In this case, after the default judgment was granted in 2020, a writ of execution was issued the same year. Since the default judgment was not satisfied, the writ remains valid. The only reason the first respondent cannot enforce the judgment using this writ is that the applicant obtained a provisional order staying execution pending the determination of the rescission application. The writ remains valid until the judgment is fully satisfied. The default judgment issued in 2020 did not become superannuated because a writ was issued in 2020. As stated earlier, once a writ of execution is issued, the judgment does not become superannuated. Therefore, it was legally incorrect for the first respondent to apply for the revival of the 2020 default judgment.
Rule 69(9) of the High Court Rules, 2021, which Mr. Chaza cited, states:
“Where more than one writ has been lodged with the sheriff in respect of any property to be sold in execution, the sheriff shall not cancel or consent to the cancellation of the sale in execution unless all the writs have been withdrawn or suspended in terms of subrule (8).”

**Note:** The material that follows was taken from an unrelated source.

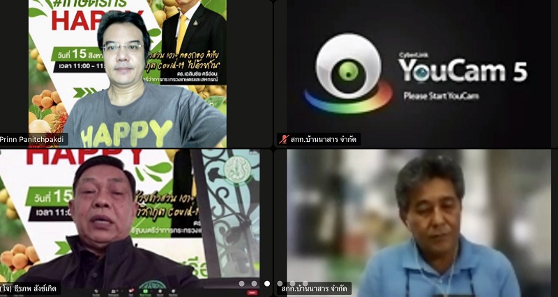 วันที่ 15 ส.ค.64 ดร.เฉลิมชัย ศรีอ่อน รัฐมนตรีว่าการกระทรวงเกษตรและสหกรณ์ในฐานะประธานคณะกรรมการพัฒนาและบริหารจัดการผลไม้(Fruit Board) เป็นประธานการแถลงข่าว Live สดผ่าน facebook : คณะอนุกรรมการขับเคลื่อน Ecommerce กระทรวงเกษตรและสหกรณ์ เปิดตัวโครงการ “เกษตรกร Happy” phase 2 เพื่อช่วยเกษตรกรชาวสวนลำไย เงาะ ลองกอง ในการขายผลไม้คุณภาพดี สดจากสวน ถึงมือผู้บริโภคโดยตรง ซึ่งโครงการดังกล่าว เป็นแผนการดำเนินงานของคณะกรรมการพัฒนาและบริหารจัดการผลไม้ (Fruit Board) ที่ต้องการช่วยเหลือเกษตรกรชาวสวนผลไม้ที่ได้รับผลกระทบจากโควิด-19 ที่ทวีความรุนแรงและเข้าขั้นวิกฤต จนทำให้มีการเพิ่มมาตรการล็อกดาวน์ทั้งในและต่างประเทศ ตลาดต่างประเทศมีการตรวจสอบอย่างเข้มข้นมากขึ้น ระบบขนส่งระหว่างประเทศเกิดความติดขัด ตู้คอนเทนเนอร์ขาดแคลน แรงงานและผู้ค้า รวมทั้งบริษัทขนส่งในประเทศติดโควิดเพิ่มมากขึ้น ผู้ส่งออกและล้งลดจำนวนลง ในขณะที่ผลไม้อยู่ในช่วงฤดูกาลเก็บเกี่ยวพร้อม ๆ กัน ทั้งมังคุด เงาะ ลำไย และลองกอง เป็นต้น

This rule specifies that if multiple writs of execution have been lodged against a property, the sheriff cannot cancel the sale unless all the writs have been withdrawn or suspended. The key points are: (a) The sheriff must ensure all writs are addressed before cancelling the sale. (b) The rule prevents partial cancellation, ensuring all claims are considered.

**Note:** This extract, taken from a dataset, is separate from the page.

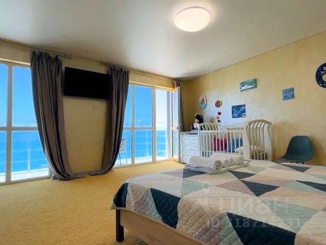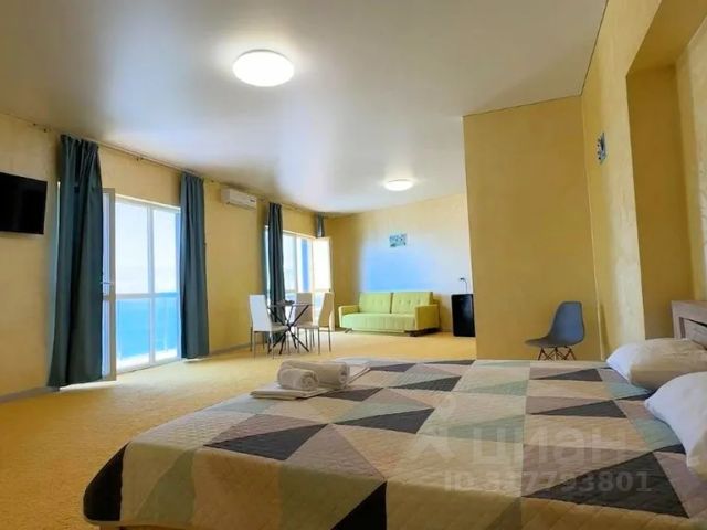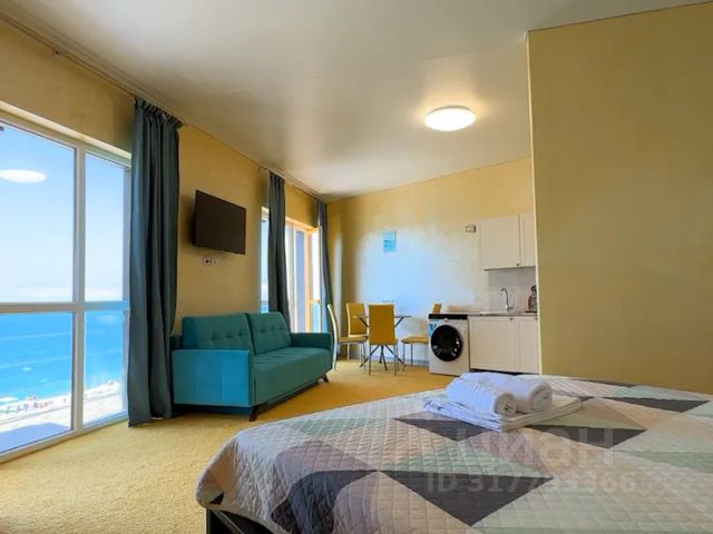Стильный уютный номер с потрясающим видом на море. В номере имеется все доя вашего комфорта: кухонная зона с бытовой техникой, посудой, чай/кофе, обеденная зона, большая 2-спальная кровать с постельным бельем премиум класса, балкон с мебелью с шикарным видом. Тапочки, душевые принадлежности, шторы Блэкаут. Кондиционер, ТВ, телефон, wi-fi
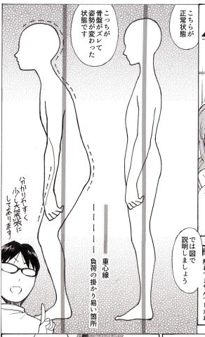 骨盤ゆがみ質問箱 歪みと姿勢2 ヨコヤマ 「では前回の続きです、 肩の高さに違いの出る骨盤の変位ですが。 左右の骨盤のズレの頻度によって 脚の長さや肩の高さに違いが出るんですね。 では図を見てみましょう 三人娘 「はーい」 ヨコヤマ書き文字で 「わかりやすいよう少し大げさにしてあります」 図を見ながら説明するヨコヤマ ヨコヤマ 「ズレの種類にもよりますが 骨盤のズレが大きい方の足が短くなり易く、 そのバランスを体が自動で補正をするので、 肩の高さに違いが出てくるのです。 負荷の出やすいところは図の通りですが、 互い違いに出ている事が分かって頂けると思います。」 月子 「骨盤のズレの左右差って結構出るものなんですか?」 ヨコヤマ 「ウチでの統計ですと揃ってズレている人より 左右差のある方が大勢いるんですよ」 美星 「先生じゃあ次は私が質問、 出産後の骨盤調整について教えて」 ヨコヤマ 「あ、それ良いテーマですね、 じゃあ来月は出産と骨盤についてお話ししましょう」 |

This rule does not justify the first respondent’s actions of reviving the default judgment and issuing a new writ. As previously stated, the default judgment was not superannuated. Therefore, the revival of the judgment was erroneous, and a writ issued pursuant to that judgment cannot stand. Consequently, the first respondent cannot execute or enforce the default judgment using this writ. Moreover, the default judgment is not enforceable at this stage because the application for rescission, pending since 2020, has not been resolved. The pending application must be disposed of before the first respondent can seek to enforce the default judgment.
While the applicant has delayed prosecuting the rescission application for four years, the first respondent has also taken no action to resolve the matter. Nothing prevents the first respondent from taking appropriate procedural steps to resolve the issue. Although a dilatory litigant should not benefit from their behaviour, in this case, I have no choice but to grant the stay of execution since the writ used to execute the judgment was improperly issued.
I noted that in paragraph one of the draft order, the applicant seeks the setting aside of the writ of execution issued on November 15, 2024, as interim relief. When I pointed out to Mr. Mutonono that this relief is final in nature, he conceded and requested that the interim relief be amended by the deletion of the paragraph. I will thus grant the interim relief as amended.
In the result, the provisional order for the stay of execution is granted in the following terms.
“FINAL ORDER SOUGHT
That you show cause to this Honourable Court why a final order should not be made in the following terms:
The provisional order be and is hereby confirmed.
Pending the finalisation of the application for rescission of judgment filed under HC1703/20, the sale in execution by the 2nd respondent at the behest of the 1st respondent be and is hereby stayed.
1st respondent shall pay costs of suit on a higher scale of attorney and client scale.
INTERIM ORDER SOUGHT
Pending the return day, it is hereby ordered that:
Execution of the Court order dated 1st of July 2020 under case number HCH 1703/20 pursuant to a writ of execution issued on the 15th of November 2024 be and is hereby stayed.”